Data section:
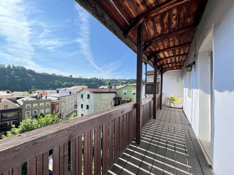 This historic residential building, known as the former Stadtschergenhaus, is situated in a unique location on the edge of Burghausen's old town and offers a fantastic view over the rooftops of the town. The core of the listed building dates back to the late 16th and early 17th century and impresses with its authentic charm and solid substance. On the street side, the house has two storeys, while on the garden side it extends over three storeys - a characteristic of the hillside location, which gives the house a special spatial effect and flexibility. With a living space of approx. 136 m², the building offers a wide range of possible uses. Access is via a quiet pedestrian street. From there, you enter a spacious hallway, from which individually usable rooms open up on both sides. At the rear is a guest WC, the staircase to the upper floor and access to the basement. Particularly noteworthy is the large, bright kitchen with direct access to a long balcony on the garden side - here the view opens up over the garden and the old town and invites you to linger. Adjacent is a cozy living room that rounds off the first floor. The well thought-out floor plan continues on the upper floor: two further rooms on the street side as well as an additional kitchen and a living room with another balcony, this time on the second floor on the garden side, offer ideal conditions for individual living concepts. A bathroom with bathtub is also located here. The top floor offers plenty of storage space and potential for expansion, while the spacious basement - also with direct garden access due to the hillside location - opens up a wide range of possible uses. The idyllic garden can be accessed both from the house and via a separate gate and offers a green oasis in the middle of the city. The building as a whole is in need of renovation and is a listed building. It offers you attractive tax advantages and a wide range of funding opportunities. We will be happy to put you in touch with the right contacts. This property is a real collector's item due to its location, history and substance. It is ideal for people with a sense for the extraordinary who are prepared to make this rough diamond shine with sensitivity and commitment. Come and see all the details and potential of this historic property for yourself and arrange a non-binding viewing appointment with us. As a first step, please send us a written inquiry (via the real estate portal, our homepage or by e-mail) with your full contact details. We look forward to hearing from you!
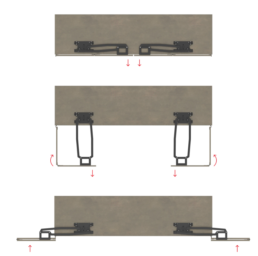 Complete set of fittings for 2 folding doors For cabinet body 1122mm (+- 2mm). Width of 1 wing 547mm (+- 1mm). Overlap 5 - 12 mm, depending on the thickness of the cabinet sides. Maximum weight of both wings - 35 kg. Door thickness 18 - 22 mm. Color white RAL9002, powder coating.
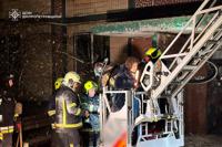 A fire broke out and several apartments were destroyed within the nine-story building in Dnipro, the emergency services said. Rescuers found the body of a woman on the fifth floor, they added, and two children were among the injured.
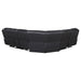 An all-in-one venue for entertainment delivers convenience and beauty in the three-piece power sectional set. Modern design features and a sleek rounded silhouetting suits style needs and assures inviting comfort for extended periods of watching movies and sports. Gorgeous leatherette upholstery enriches any living room or media room, embellished with pillowy foam filling and batting arranged carefully through tufting and channeling. Sinuous spring seating and attached seat and back cushions form individual luxury as seats feature power reclining for smooth, easy positioning. Keep beverages handy in two cup holders and stash remotes and accessories in a flip-top console.
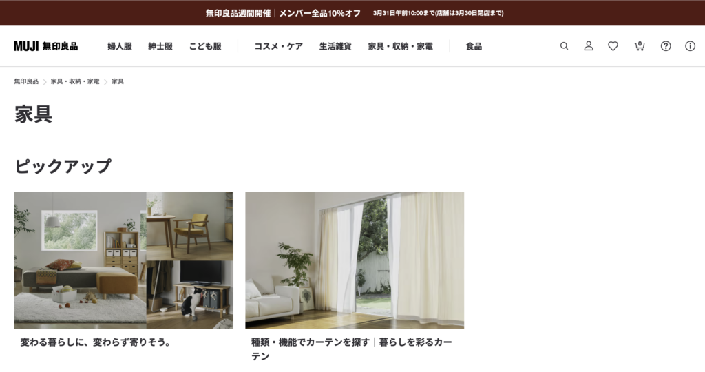 ・無印良品週間。無印良品メンバー全品10%オフ。オンラインでは3/31(火)まで!
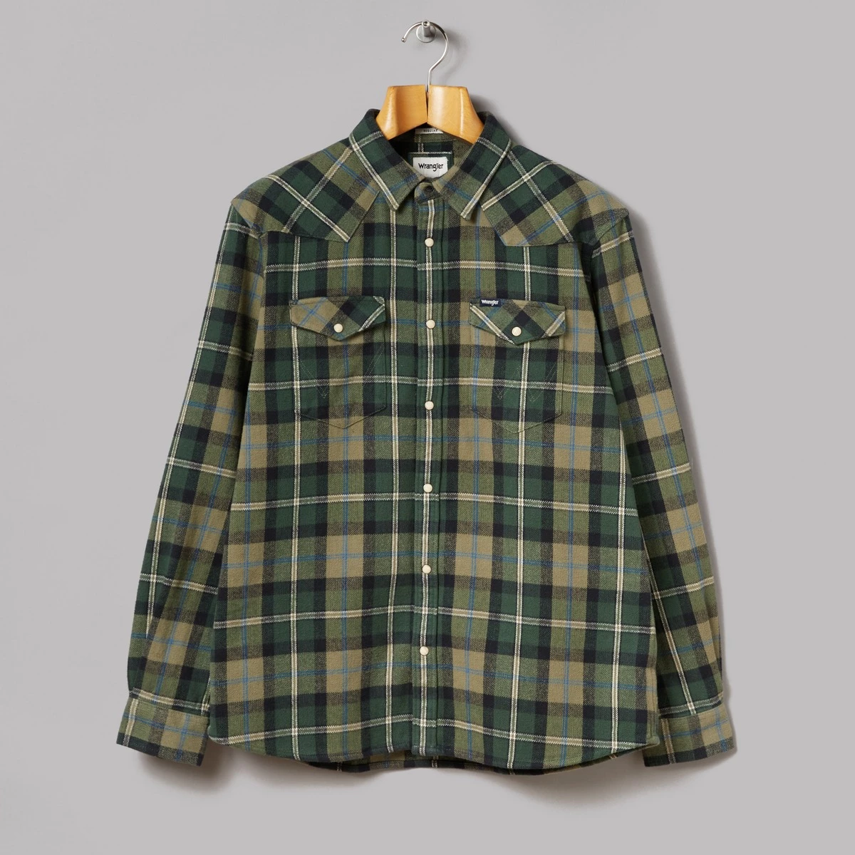 100% cotton. Heavyweight brushed cotton fabric. Full press stud fastening. Two chest pockets with press stud flaps. Press stud cuffs. Curved hem. Regular fit. Here is Wrangler’s tried-and-tested Western shirt that’s been a torso-mainstay with all manner of cowboys, rockstars, hustlers and grifters since its debut. Not much has changed, with Wrangler still using the same ‘broken twill’ (the process of weaving the fabric neither entirely left nor right, but alternating between the two) denim fabric as they did all the way back in ‘64.
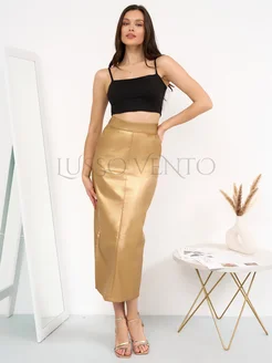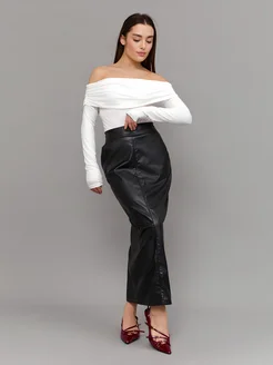 Юбка карандаш миди длинная с разрезом эко-кожа
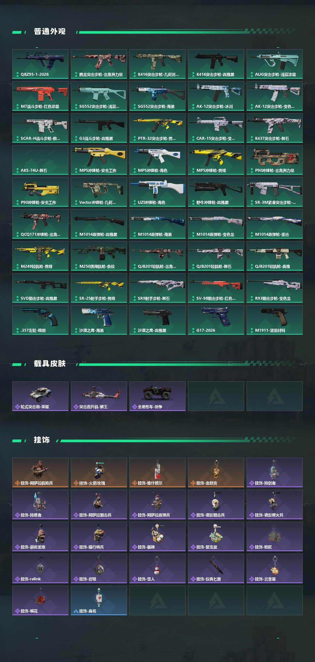 【传说外观】:M4A1突击步枪-蚀金玫瑰,SG552突击步枪-运动员,SCAR-H战斗步枪-启航,KC17突击步枪-电锯惊魂,M14射手步枪-缄花,SR-25射手步枪-水墨云图,SR-25射手步枪-缄花,R93狙击步枪-维什戴尔,.357左轮-缄花
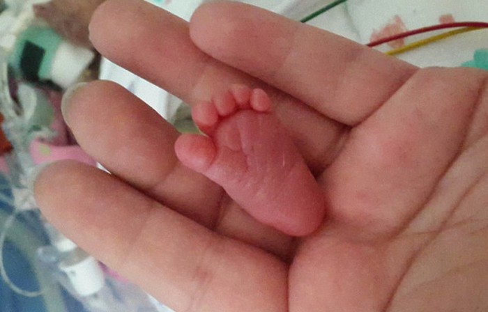 Stačí se podívat na nohy tohoto malého dítěte (foto níže), abyste pochopili, jak je malý. Téměř nic lékaři ani nečekali, že Emilia přežije, ale lékaři šli do takového kroku (umělé ukončení těhotenství a extrakce pomocí císařského řezu), protože se vyskytl problém placenta, stejně jako výživa plodu. To byla jediná šance a Rodiče dívky souhlasili s použitím. Těhotenství Emilia byla přerušena ve dvacátém šestém týdnu.
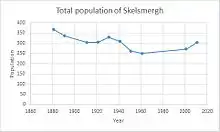 Between 1881 and 1961 the population of Skelsmergh saw an overall decrease. In 1881 the total population was 367 which showed an increase of 17 from 10 years before. However, in the following 20 years the population began to decrease, going down to 336 in 1891, then further decreasing to 303 in 1901. After rising up again to 329 in 1921, the population began to decrease again with the count being 250 in 1961.[21] When we compare this figure with the most recent Census data report for Skelsmergh in 2011, we can see that the population has seen an overall increase from 50 years previous, as the total population was recorded at 303.[22]
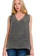 Zenana Double Gauze Raw Edge Acid Washed Tank
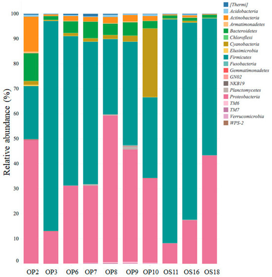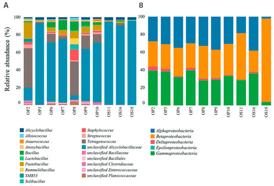 Within NID soil sites, Firmicutes and Proteobacteria were the dominant phyla, with the Firmicutes class exhibiting the highest relative abundance and diversity (refer to Figure 4 and Figure 5A). Notably, soil samples from sites OP3, OS11, OS16, and OS18 showed low diversity but were highly enriched (over 90%) in unclassified Alicyclobacillaceae. In contrast, other NID sites exhibited a more diverse array of microbial genera (see Figure 5A).

What you are asked to do:
An exact copy is needed of the stretch above that opens with the line containing "Between 1881 and" and closes with the line containing "Zenana Double Gauze"; the pictures are not part of it.

Result:
 Between 1881 and 1961 the population of Skelsmergh saw an overall decrease. In 1881 the total population was 367 which showed an increase of 17 from 10 years before. However, in the following 20 years the population began to decrease, going down to 336 in 1891, then further decreasing to 303 in 1901. After rising up again to 329 in 1921, the population began to decrease again with the count being 250 in 1961.[21] When we compare this figure with the most recent Census data report for Skelsmergh in 2011, we can see that the population has seen an overall increase from 50 years previous, as the total population was recorded at 303.[22]
 Zenana Double Gauze Raw Edge Acid Washed Tank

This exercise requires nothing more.